Hedge Funds Dropped The Ball On Erie Indemnity Company (ERIE)

Erie Indemnity Company (NASDAQ:ERIE) investors should pay attention to a decrease in activity from the world’s largest hedge funds of late. ERIE was in 11 hedge funds’ portfolios at the end of December. There were 14 hedge funds in our database with ERIE holdings at the end of the previous quarter. Our calculations also showed that ERIE isn’t among the 30 most popular stocks among hedge funds.

Hedge funds’ reputation as shrewd investors has been tarnished in the last decade as their hedged returns couldn’t keep up with the unhedged returns of the market indices. Our research has shown that hedge funds’ large-cap stock picks indeed failed to beat the market between 1999 and 2016. However, we were able to identify in advance a select group of hedge fund holdings that outperformed the market by 32 percentage points since May 2014 through March 12, 2019 (see the details here). We were also able to identify in advance a select group of hedge fund holdings that’ll significantly underperform the market. We have been tracking and sharing the list of these stocks since February 2017 and they lost 27.5% through March 12, 2019. That’s why we believe hedge fund sentiment is an extremely useful indicator that investors should pay attention to.

David Harding

We’re going to view the key hedge fund action surrounding Erie Indemnity Company (NASDAQ:ERIE).

What have hedge funds been doing with Erie Indemnity Company (NASDAQ:ERIE)?

At the end of the fourth quarter, a total of 11 of the hedge funds tracked by Insider Monkey were long this stock, a change of -21% from the second quarter of 2018. The graph below displays the number of hedge funds with bullish position in ERIE over the last 14 quarters. So, let’s see which hedge funds were among the top holders of the stock and which hedge funds were making big moves.


Among these funds, Royce & Associates held the most valuable stake in Erie Indemnity Company (NASDAQ:ERIE), which was worth $33.3 million at the end of the third quarter. On the second spot was Renaissance Technologies which amassed $24.1 million worth of shares. Moreover, Citadel Investment Group, AQR Capital Management, and D E Shaw were also bullish on Erie Indemnity Company (NASDAQ:ERIE), allocating a large percentage of their portfolios to this stock.

Seeing as Erie Indemnity Company (NASDAQ:ERIE) has experienced declining sentiment from the aggregate hedge fund industry, logic holds that there exists a select few hedge funds that elected to cut their positions entirely by the end of the third quarter. Intriguingly, Paul J. Isaac’s Arbiter Partners Capital Management dumped the largest stake of the 700 funds monitored by Insider Monkey, totaling close to $1.2 million in stock. Paul Marshall and Ian Wace’s fund, Marshall Wace LLP, also said goodbye to its stock, about $1.1 million worth. These moves are interesting, as total hedge fund interest fell by 3 funds by the end of the third quarter.

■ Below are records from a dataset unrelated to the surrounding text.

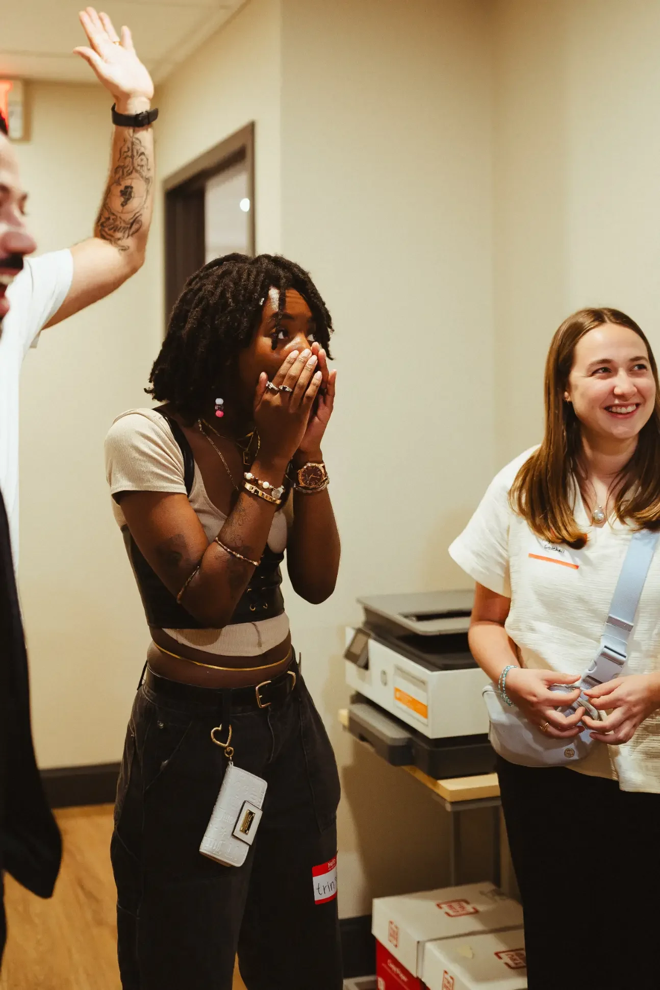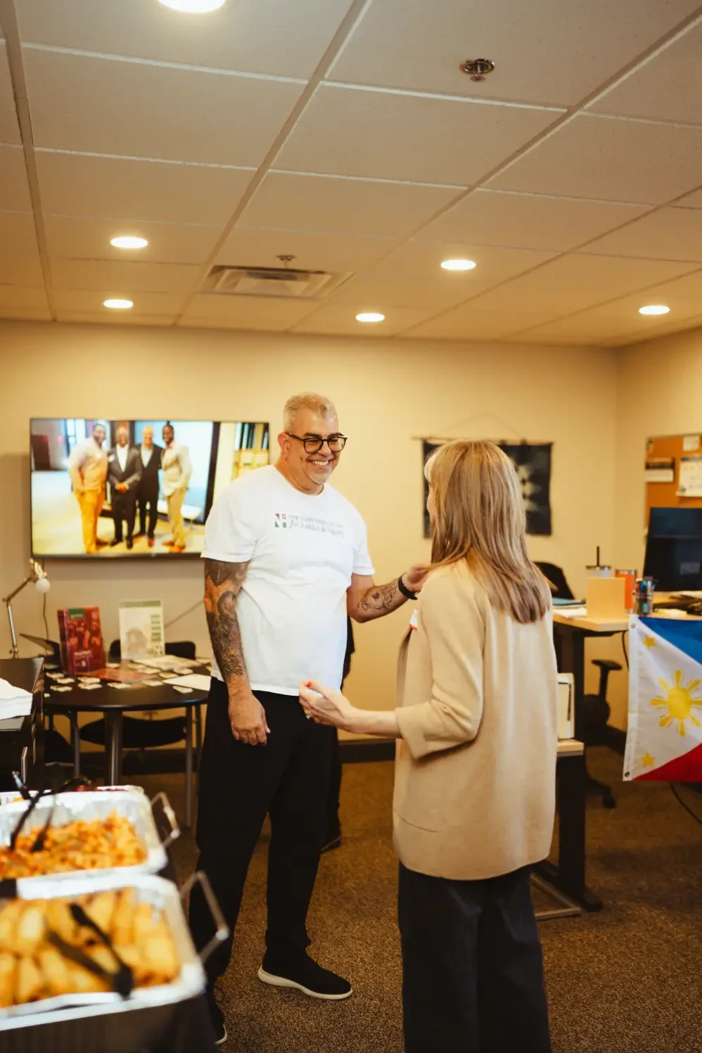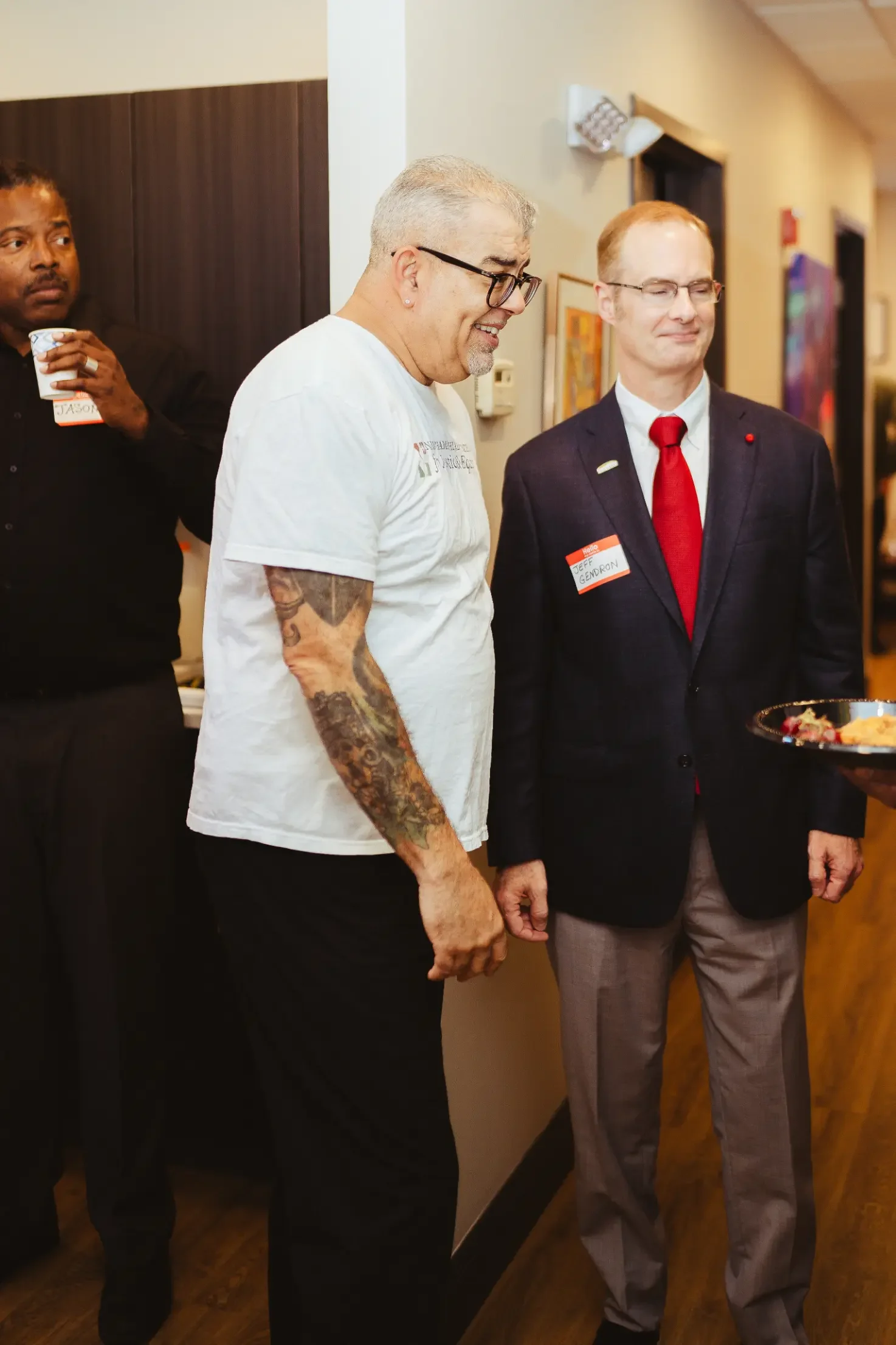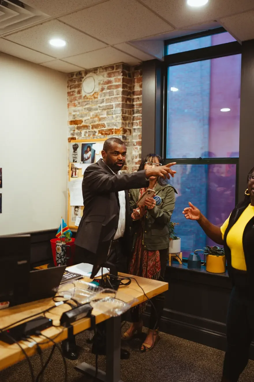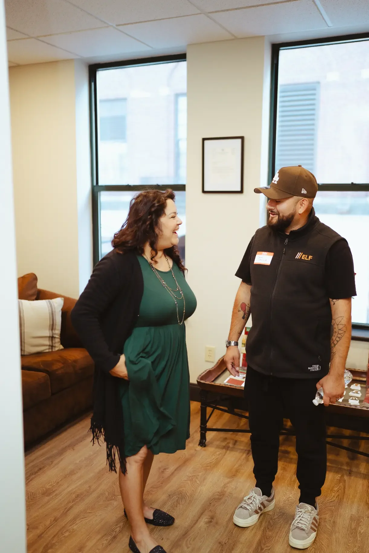 On October 8th, 2025, NHCJE hosted an Open House, to welcome our fellow community neighbors, allies, and colleagues to our new office space in downtown Manchester. The Open House featured an unveiling of a mural created by Positive Street Art for the NHCJE office.
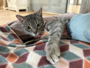 Leonardo is still a bit reserved, so he often keeps to himself, but energetic Kitty Purry is ready for anything and tries to engage Regina in play. Regina is still assessing the situation: Just how far should an established diva involve herself with a potentially competitive young ingenue who, for now, seems to adore her? The jury is still out while Regina makes up her mind.
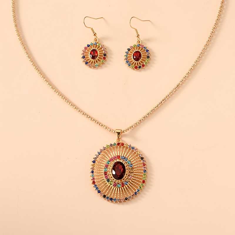 Holiday Style Jewelry Set Sun Ray Pendant Necklace & Dangle Earrings
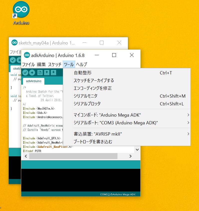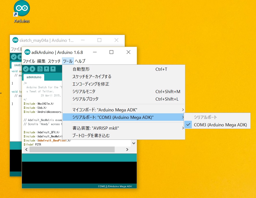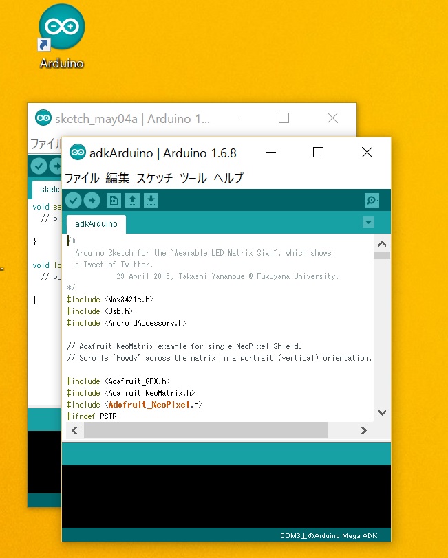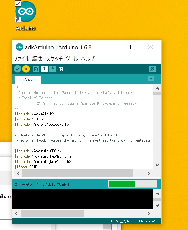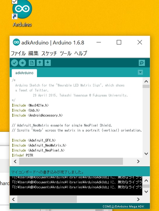 - Arduino の firmware とは、Arduino で動かすプログラム(スケッチ)です。このプログラムは Android 端末から ADKを通じて送られてきた文字フォントの bitmap を、NeoPixel LED Matrix 表示用に変換して、NeoPixel LED Matrix にシリアル信号として送ります。

Let’s now take a look at hedge fund activity in other stocks – not necessarily in the same industry as Erie Indemnity Company (NASDAQ:ERIE) but similarly valued. We will take a look at GrubHub Inc (NYSE:GRUB), Graco Inc. (NYSE:GGG), Bio-Rad Laboratories, Inc. (NYSE:BIO), and ON Semiconductor Corporation (NASDAQ:ON). This group of stocks’ market valuations are closest to ERIE’s market valuation.

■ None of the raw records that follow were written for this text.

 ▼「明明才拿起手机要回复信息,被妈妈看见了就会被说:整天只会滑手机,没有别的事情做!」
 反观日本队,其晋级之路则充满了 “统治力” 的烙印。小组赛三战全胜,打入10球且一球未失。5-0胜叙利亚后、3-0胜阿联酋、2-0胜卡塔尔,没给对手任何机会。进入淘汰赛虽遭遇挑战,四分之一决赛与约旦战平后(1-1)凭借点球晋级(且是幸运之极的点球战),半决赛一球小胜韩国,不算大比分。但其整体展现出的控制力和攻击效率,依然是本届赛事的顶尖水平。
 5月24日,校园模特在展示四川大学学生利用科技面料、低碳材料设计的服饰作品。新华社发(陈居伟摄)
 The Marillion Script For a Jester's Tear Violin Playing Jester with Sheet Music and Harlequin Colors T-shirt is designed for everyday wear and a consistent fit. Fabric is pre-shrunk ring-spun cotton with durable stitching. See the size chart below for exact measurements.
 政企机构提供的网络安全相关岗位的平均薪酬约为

Ticker No of HFs with positions Total Value of HF Positions (x1000) Change in HF Position
GRUB 23 860282 -15
GGG 18 196236 -4
BIO 35 684500 -3
ON 29 423253 2
Average 26.25 541068 -5

View table here if you experience formatting issues.

As you can see these stocks had an average of 26.25 hedge funds with bullish positions and the average amount invested in these stocks was $541 million. That figure was $71 million in ERIE’s case. Bio-Rad Laboratories, Inc. (NYSE:BIO) is the most popular stock in this table. On the other hand Graco Inc. (NYSE:GGG) is the least popular one with only 18 bullish hedge fund positions. Compared to these stocks Erie Indemnity Company (NASDAQ:ERIE) is even less popular than GGG. Hedge funds, except a few, dropped the ball on ERIE. Our calculations showed that top 15 most popular stocks among hedge funds returned 21.3% through April 8th and outperformed the S&P 500 ETF (SPY) by more than 5 percentage points. Only twelve hedge funds were also right about betting on ERIR as the stock returned 31.5% and outperformed the market as well. You can see the entire list of these shrewd hedge funds here.